**Required action:** When you reach the line below that has "Zeeroks Baju Wanita", start returning lines exactly, and stop after the line that has "Aslında bu listenizi"; skip the pictures.
= = = = = = =
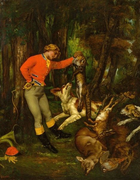 Editor: So, here we have Georg Karl Urlaub's "Portrait of Friedrich Adolph Carl von Holzhausen" from 1789, painted in oil on canvas. I find it kind of melancholic, almost staged in its formality. What strikes you most about this piece? Curator: Well, first off, look at the social dynamics embedded in this image. This isn’t just a portrait; it's a declaration of class and lineage. In late 18th-century society, who got their portrait painted and *why*? Think about the power structures being reinforced here. Editor: That’s true, it definitely feels like a status symbol. What about the setting? The landscape almost seems to swallow him up. Curator: Exactly. Is the child at ease in this nature? Or is nature itself another prop, highlighting man’s dominion? And consider the boy’s attire – the finery juxtaposed with a somewhat untamed environment. There is this clear message, almost like indoctrination of youth into a particular lifestyle that will benefit some more than others. Who benefits from all that art? Editor: I see what you mean. It's like he is both part of and separate from the natural world, a representation of cultivated aristocracy in contrast with nature’s wildness. Is the dog important, symbolically? Curator: Absolutely. Loyalty, status, and the hunt were closely tied to aristocratic identity. This animal isn't merely a pet, but a signifier. Can you start seeing how a portrait like this upholds an entire social and political order? Editor: Yeah, now I’m seeing how it reflects and reinforces specific power dynamics, and that everything from the clothes, the landscape, the dog, speaks volumes about wealth and privilege at the time. Thank you for expanding my understanding of art. Curator: My pleasure. Art isn’t just pretty pictures. It's a dialogue about who we are and who gets to be seen and understood.
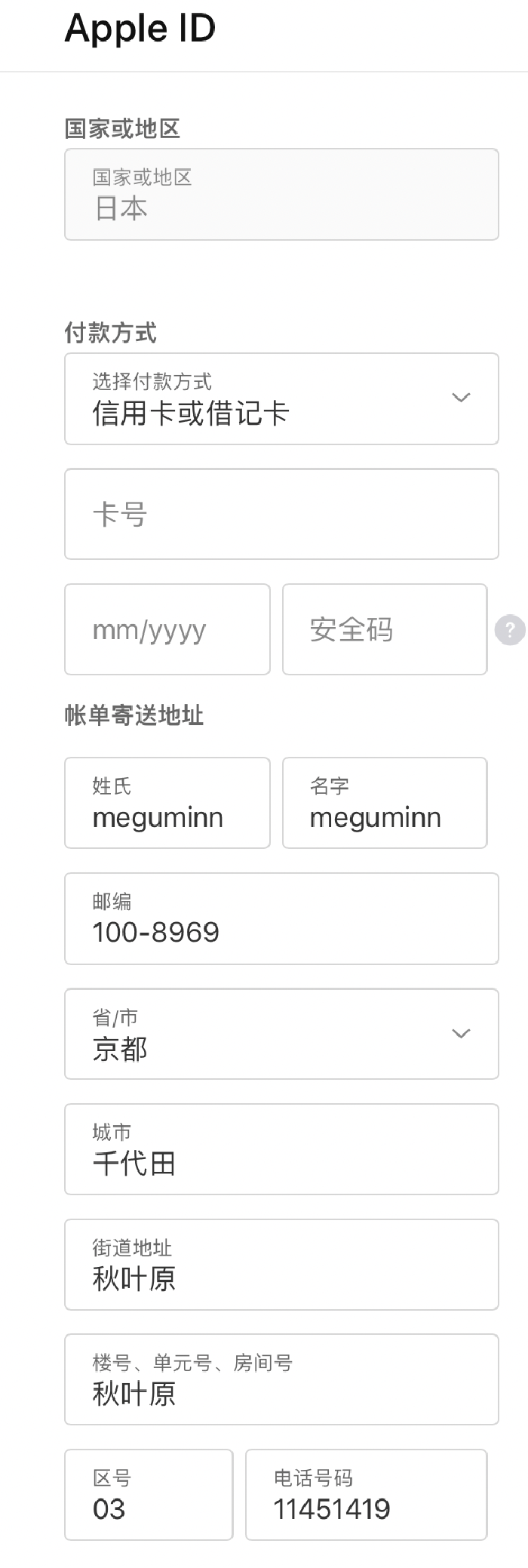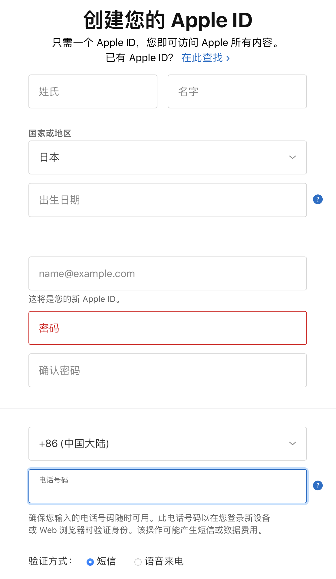 需要注意的是地区填"日本"就好, 其他都和正常注册一样, 电话号码可以用国内的电话号码.
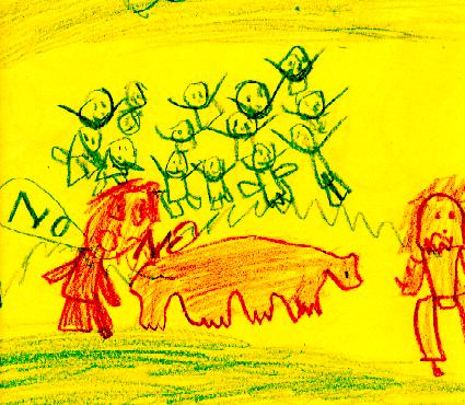 Once upon a time there was some bad men that changed innocent people into bears. One day, a little boy was walking down the street. A bad man tried to change the boy into a bear with a spell. Right then, the boy held up a mirror and changed the bad man into a bear. Then, everybody was happy. They made him a king and president and mayor. He didn’t boss people around. He freed the innocent people and put the bad men in jail. He was the hero of that day.
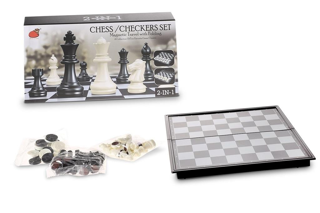 W zestawie: pudełko na figury z nadrukiem planszy, figury do szachów i warcabów, pozostałe informacje: wym. opak. 25,5 x 13 x 4 cm, 6+
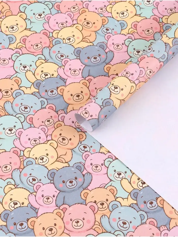 Бумага упаковочная крафтовая «Весёлые медведи», 50 × 70 см
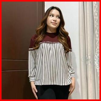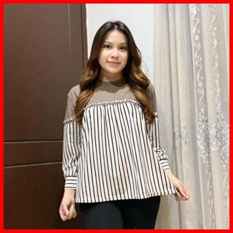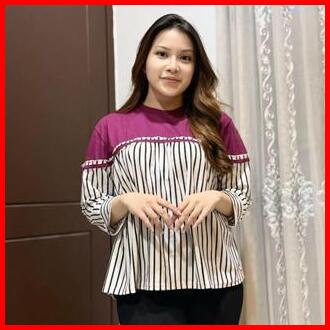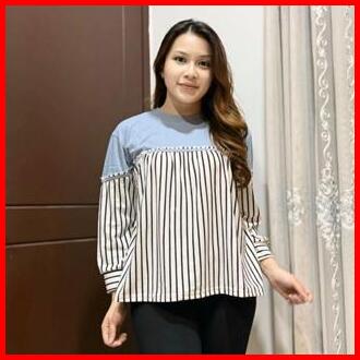 Zeeroks Baju Wanita Lengan Panjang Kominasi Salur Atasan Bahan Cotton Combed
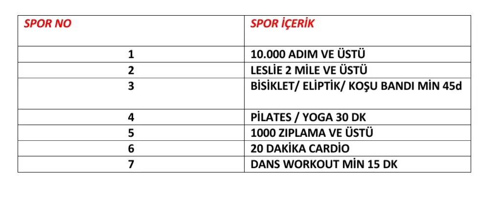 Aslında bu listenizi kavradigimda mantıklı bulmuştum. Bir suru senecekle uğraşacağına hergune bir spor yazıp numaralandırma daha mantıklı sanki.
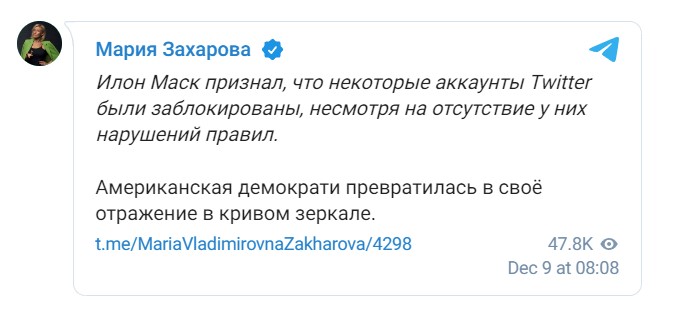 /КРОСС/ Ситуацията с блокирането на акаунти в Twitter демонстрира, че американската демокрация се е превърнала в свое собствено отражение в изкривено огледало. Това написа в петък в канала си в Telegram официалният представител на руското външно министерство Мария Захарова, коментирайки думите на ръководителя на Twitter Илън Мъск, че някои акаунти в социалните мрежи са били блокирани, въпреки липсата на нарушения на правила от тях.
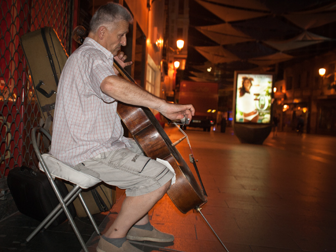 Sin embargo, a pesar de todo, como suele suceder en todas partes y en las peores situaciones, siempre surge un motivo para la nunca bien ponderada paradoja que pone las piezas en su lugar para comprenderlas. Por encima del aire y en medio de la incertidumbre, surgieron las notas de la segunda suite para violoncelo solo de Bach. Venían de otra soledad que no era la mía y vino a salvarme de la vulgaridad de la refriega. Dejé la contingencia y subí por la calle Preciados siguiendo la oscura melodía del corazón del cello. Junto a una pared estaba el hombre en su oasis. Eran más de las 12 de la noche y parecía no atender a otra cosa que a su propia historia triste en la que era feliz mientras se encontraba consigo mismo. Un pobre genio en mendicidad, seguramente de origen rumano por la forma de tocar, se dejaba los dedos y el alma mientras los jóvenes lo ignoraban con sus rabiosas consignas.
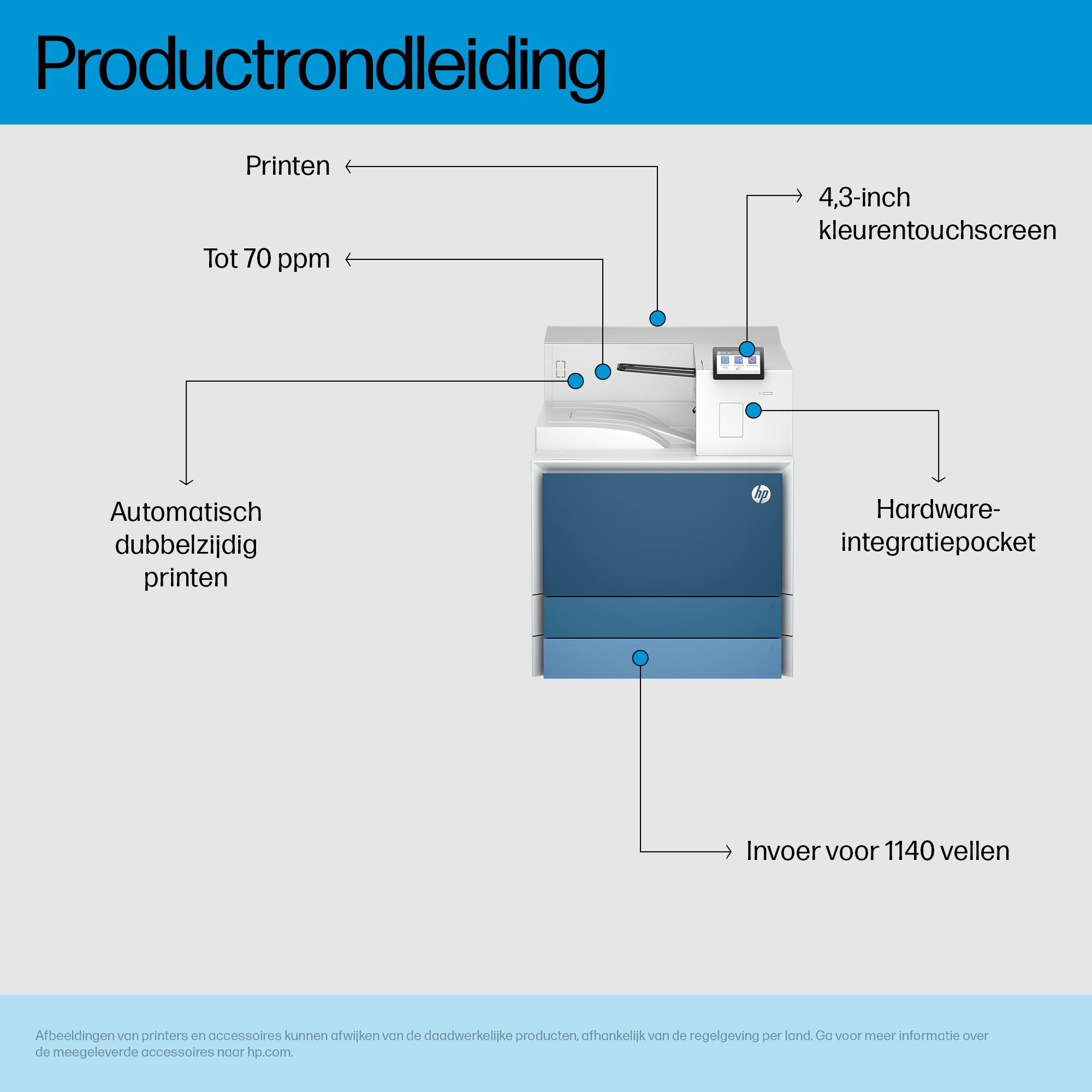 HP LaserJet Enterprise 8501DN Printer Europe - Multilingual Localization, Laser, 1200 x 1200 DPI, A3, 70 ppm, Impression recto-verso, Bleu, Blanc
= = = = = = =
**Response box:**
 Zeeroks Baju Wanita Lengan Panjang Kominasi Salur Atasan Bahan Cotton Combed
 Aslında bu listenizi kavradigimda mantıklı bulmuştum. Bir suru senecekle uğraşacağına hergune bir spor yazıp numaralandırma daha mantıklı sanki.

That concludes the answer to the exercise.